_WHAT YOU WILL DO_
Begin at the first line of the data and copy each line through the one containing "Siphon de lavabo", that line included, with no pictures.

_SOURCE MATERIAL_
******
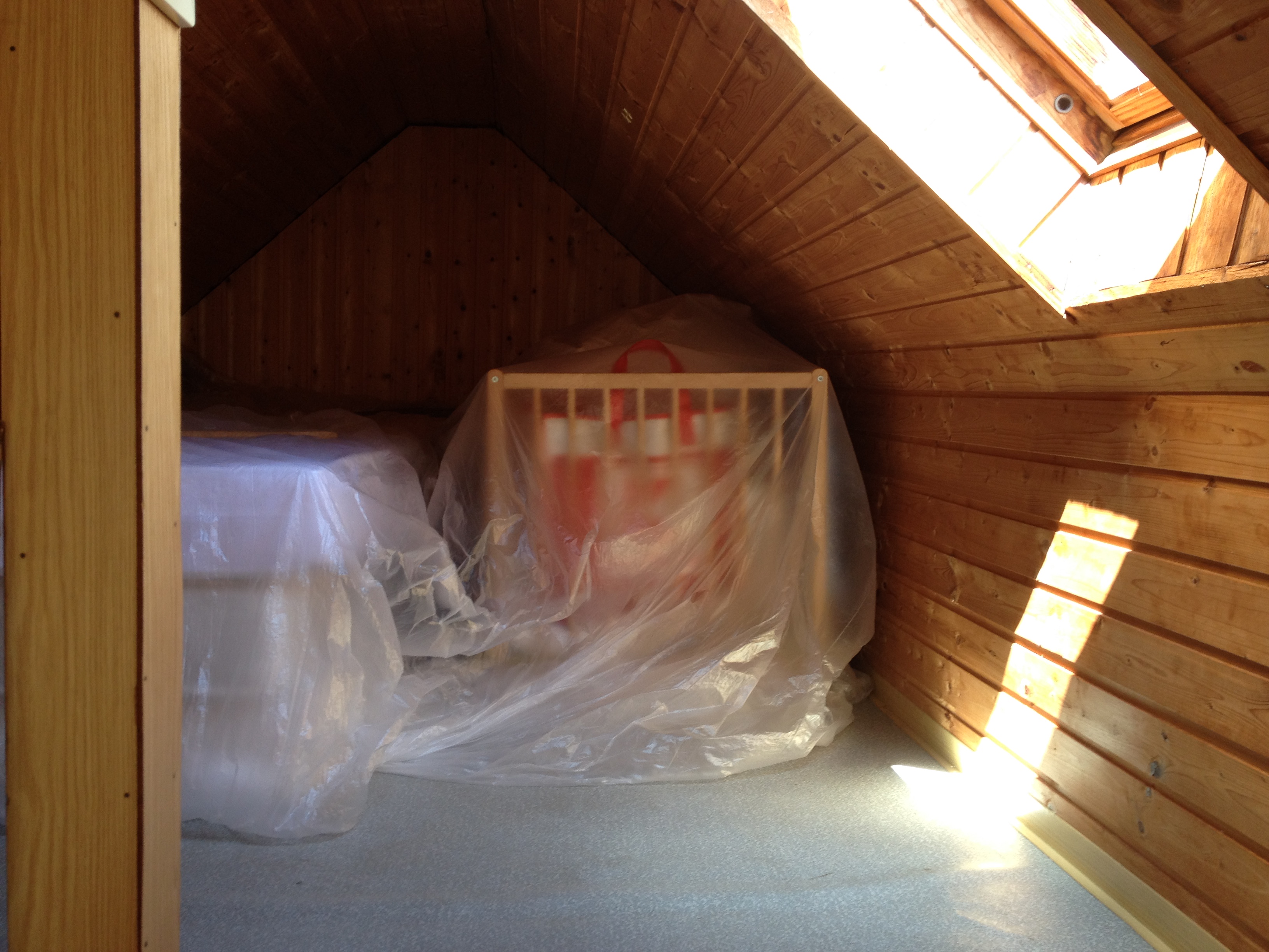 Nachmittags regnet es und wir sind auf dem Dachboden und sporteln.
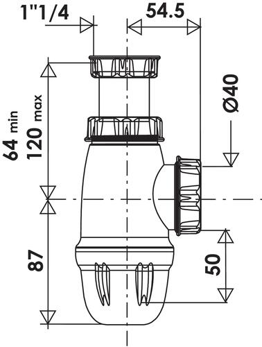 Siphon de lavabo grand culot réglable en hauteur ø40
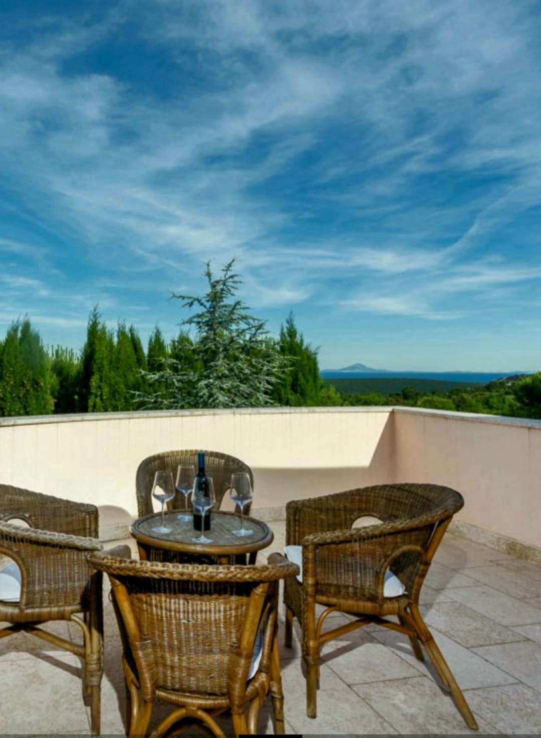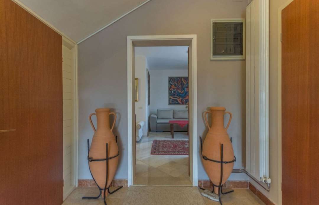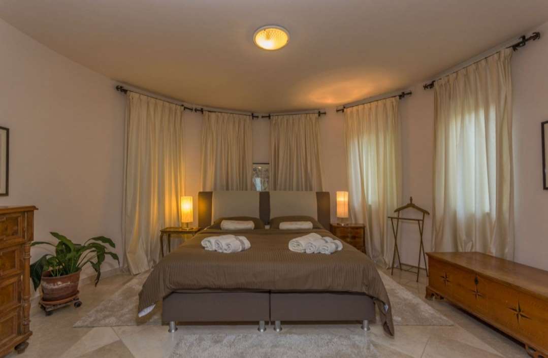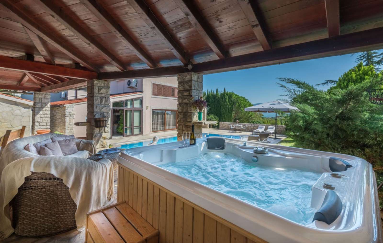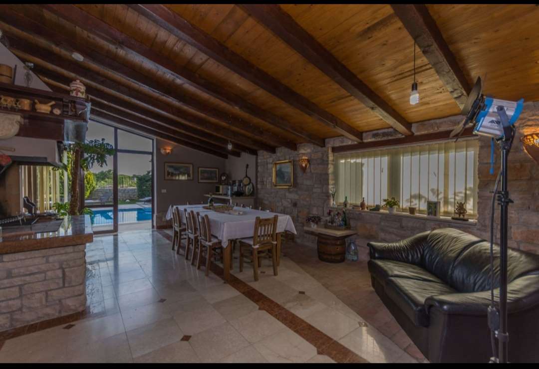 A villa with a Roman swimming pool, located in the small Istrian tourist town of Rakalj, 1.5 km from the sea and 25 km from the beautiful historic city of Pula. The villa is an exclusive example of a luxury villa. This superb villa exudes first-class elegance and a unique exterior and interior. The villa is in complete harmony and symphony with the environment and the natural beauty of this beautiful landscape. The villa is a reflection of an elegant combination of stone and wood, bold design and daring playful architecture. The villa is spread over a property of 1005 m², and the villa itself has an area of 350 m² and has two floors: ground floor and first floor. The property of the villa is accessed by stone stairs that lead to the spacious ground floor of the residence. In this part there is a living room equipped with comfortable seating, a beautiful fireplace and modern technology. The entire side of the living room is dotted with a glass wall that stretches across the surface of the entire wall and offers an incredible view of the "green wall", i.e. the beautiful landscape, the island of Cres, Lošinj and the entire Kvarner Bay. . On the ground floor there is also an open, fully equipped, modern kitchen, two dining rooms with matching furniture, another living room equipped with sofas, a guest toilet and a bedroom with a modern bathroom. In this part of the villa there is also an auxiliary room. A massive stone staircase connects the ground floor with the first floor. in which there are 2 bedrooms with double beds, two bathrooms and a terrace with a unique view of the entire garden and the rich contents of this elegant and graceful masterpiece. The exit from the ground floor of the residence leads to a beautiful courtyard, where there is an originally conceived and designed covered summer hacienda, lounge furniture and barbecue. This space is ideal for socializing and relaxing with good company and the top gastronomic offer, for which the Istrian region is widely known. The property also has a guest house of 50 m² with an open plan living room, kitchen, bedroom and bathroom. In the central part of the property there is a beautiful heated pool with counter-current swimming of 40 m². It is truly the crowning glory of this charming property. There is also an outdoor shower and toilet for guests. The villa is fully air-conditioned and has gas central heating. Main features of the property: Sea view Proximity to the sea Privacy and quiet location Indoor and outdoor floors - paved with stone - various solar panels Basement Roman pool with counter current swimming Timeless style.
******
_EXPECTED ANSWER_
 Nachmittags regnet es und wir sind auf dem Dachboden und sporteln.
 Siphon de lavabo grand culot réglable en hauteur ø40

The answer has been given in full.